Despite being hit by government’s sugar tax, SA Canegrowers remain hopeful about the future. Outgoing chairperson Rex Talmage says, “Although there’s still a long way to go, there are finally positive signs of recovery.”

Mzansi's sugarcane industry makes an important contribution to the national economy, given its agricultural and industrial investments, foreign exchange earnings, its high employment, and its linkages with major suppliers, support industries and customers. Photo: Supplied/Food For Mzansi

Over the past year alone, cane growers in Mzansi have contributed R128 million to the sugar industry’s annual transformation projects, which received R200 million in total. This funding was seen as a necessary contribution to many small-scale and largely black growers.

However, this group of sugarcane growers’ revenue was approximately 15% less than that of 2019 due to the Health Promotion Levy, also known as “sugar tax”.

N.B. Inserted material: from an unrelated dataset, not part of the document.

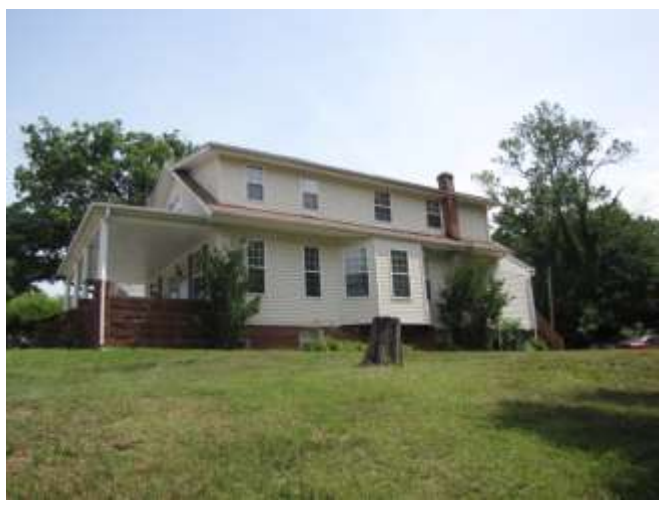
View of side yard and house.

These figures were highlighted at the recent SA Canegrowers’ 94th annual general meeting. Most of the R200 million was ploughed into a number of projects, including:

  • R138 million was distributed through a premium price for sugarcane supplied by black small-scale growers and land reform growers;
  • R20 million subsidised transport costs for black small-scale growers;
  • R10 million was spent on black youth and women’s programmes;
  • R5 million to augment the Sugar Industry Trust Fund for Education; and
  • R5 million on an agricultural training top-up for black growers via SASA’s Grower Development Account. 

Seedcane successes

SA Canegrowers also received R600 000 from Coca Cola’s Mintirho Foundation to establish seedcane plots for small-scale growers in Mpumalanga and KwaZulu-Natal.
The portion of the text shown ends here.